When I started this journey, my thinking about the band was very different than what it is today. I have had to work hard to lose this weight and would never have been able to without the band taking away the physical hunger. The head hunger was what I have had to deal with. I still love food and that was one thing that I had to work through. I don't need much food for my body and I don't need food for my head either. It has taken me awhile to learn that lesson, but it is one that I have figured out for the most part.
During one of my visits with Dr. Rohrscheib I talked to him about eating three meals a day and thinking that was a lot more food than I needed. He gave me the best advice ever- if I am not hungry, don't eat. It was that simple. I don't have to eat three meals a day if I don't want to. My body will tell me when I need food and it also tells me when I am thirsty; sometimes I have to listen carefully to what my body is telling me.
I have now lost 80 pounds and feel great. The weight comes off more slowly now even though I work out more and move more, but that is okay. I didn't get fat overnight and I won't get thin over night. I will keep plugging along no matter how long it takes. I love how I feel and that is what makes me keep on wanting to continue this journey.
Of course, there are days when I wish that I could eat a big ole' steak or a homemade roll, but those are really few and far between. The foods that I can't have are not really a focus, it is more about getting the best fuel in my body. I can tell energy wise when I have not made the best food choices, and I have to rethink what I will eat next. Everyone has off days, but there are less of those now.

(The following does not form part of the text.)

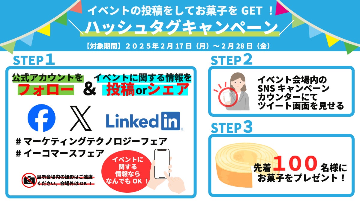 SNS(Facebook、X、LinkedInのいずれか)キャンペーン参加者100名様にお菓子をプレゼント!

I think part of my motivation is also the fact that many people know about my journey. I have done two radio commercials and now a television commercial and people are very aware of my journey. I want them to say "Wow" she is doing great, not "Poor Deena" still couldn't do it.
I am so appreciative still of winning this contest, that I will NOT GO BACK to where I was. The Illinois Bariatric Center believed in me and I won't let them down.
Talk to you all soon. We are in the midst of a blizzard and the lights keep flickering. Stay safe and I promise I will be back on again soon.